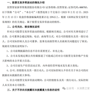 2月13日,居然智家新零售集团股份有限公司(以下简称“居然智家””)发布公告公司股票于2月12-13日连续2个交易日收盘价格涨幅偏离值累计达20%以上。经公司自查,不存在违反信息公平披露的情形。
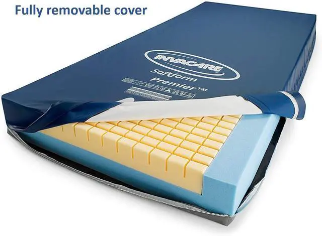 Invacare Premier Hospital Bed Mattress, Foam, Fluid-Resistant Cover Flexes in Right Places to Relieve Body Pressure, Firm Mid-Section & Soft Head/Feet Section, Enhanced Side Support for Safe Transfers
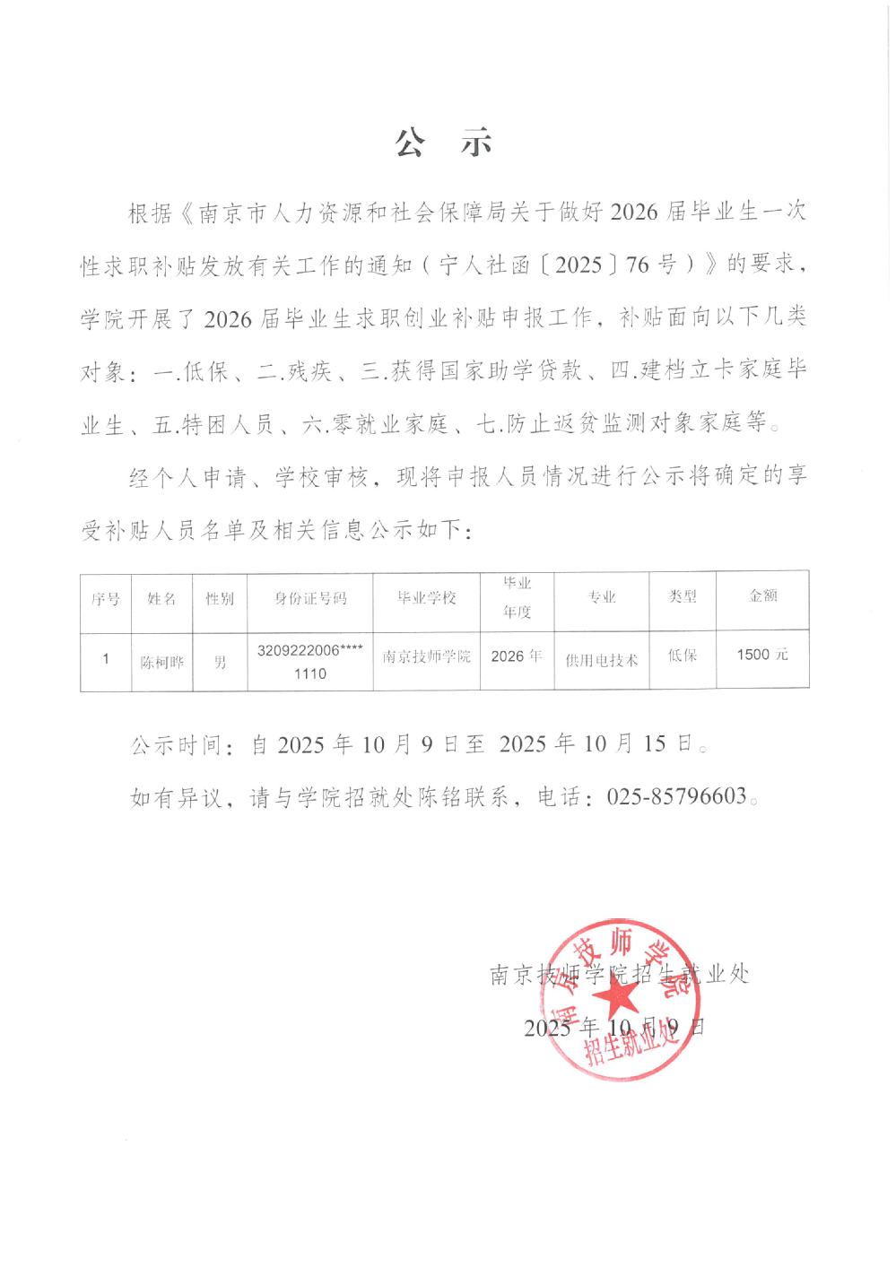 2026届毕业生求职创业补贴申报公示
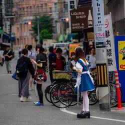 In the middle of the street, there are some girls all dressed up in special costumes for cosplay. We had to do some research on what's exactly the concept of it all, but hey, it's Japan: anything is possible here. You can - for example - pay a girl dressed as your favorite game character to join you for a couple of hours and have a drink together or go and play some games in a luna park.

**YOUR ASSIGNMENT**.
Set down again, exactly, every line above from the one with "Invacare Premier Hospital" down to the one with "2026届毕业生求职创业补贴申报公示", both ends included. No pictures, and nothing else.

**SOLUTION TO THE PROBLEM**.
 Invacare Premier Hospital Bed Mattress, Foam, Fluid-Resistant Cover Flexes in Right Places to Relieve Body Pressure, Firm Mid-Section & Soft Head/Feet Section, Enhanced Side Support for Safe Transfers
 2026届毕业生求职创业补贴申报公示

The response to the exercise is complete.